RECORD EXTRACTS section start

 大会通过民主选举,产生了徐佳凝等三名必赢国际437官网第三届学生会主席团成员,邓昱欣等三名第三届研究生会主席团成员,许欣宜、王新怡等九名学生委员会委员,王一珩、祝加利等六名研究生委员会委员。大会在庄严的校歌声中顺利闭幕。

RECORD EXTRACTS section end
RECORD EXTRACTS section start

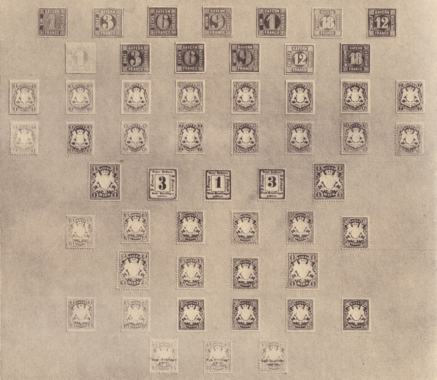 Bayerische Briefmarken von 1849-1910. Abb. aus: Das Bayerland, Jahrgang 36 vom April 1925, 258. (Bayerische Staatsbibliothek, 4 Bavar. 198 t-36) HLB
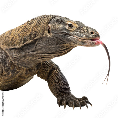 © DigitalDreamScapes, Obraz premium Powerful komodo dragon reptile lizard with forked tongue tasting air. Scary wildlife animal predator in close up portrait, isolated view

RECORD EXTRACTS section end

■ EXERCISE GOAL ■
Copy out the lines above from the line containing "Bayerische Briefmarken von" through the line containing "portrait, isolated view", exactly, and keep the pictures out.

■ RESPONSE ■
 Bayerische Briefmarken von 1849-1910. Abb. aus: Das Bayerland, Jahrgang 36 vom April 1925, 258. (Bayerische Staatsbibliothek, 4 Bavar. 198 t-36) HLB
 © DigitalDreamScapes, Obraz premium Powerful komodo dragon reptile lizard with forked tongue tasting air. Scary wildlife animal predator in close up portrait, isolated view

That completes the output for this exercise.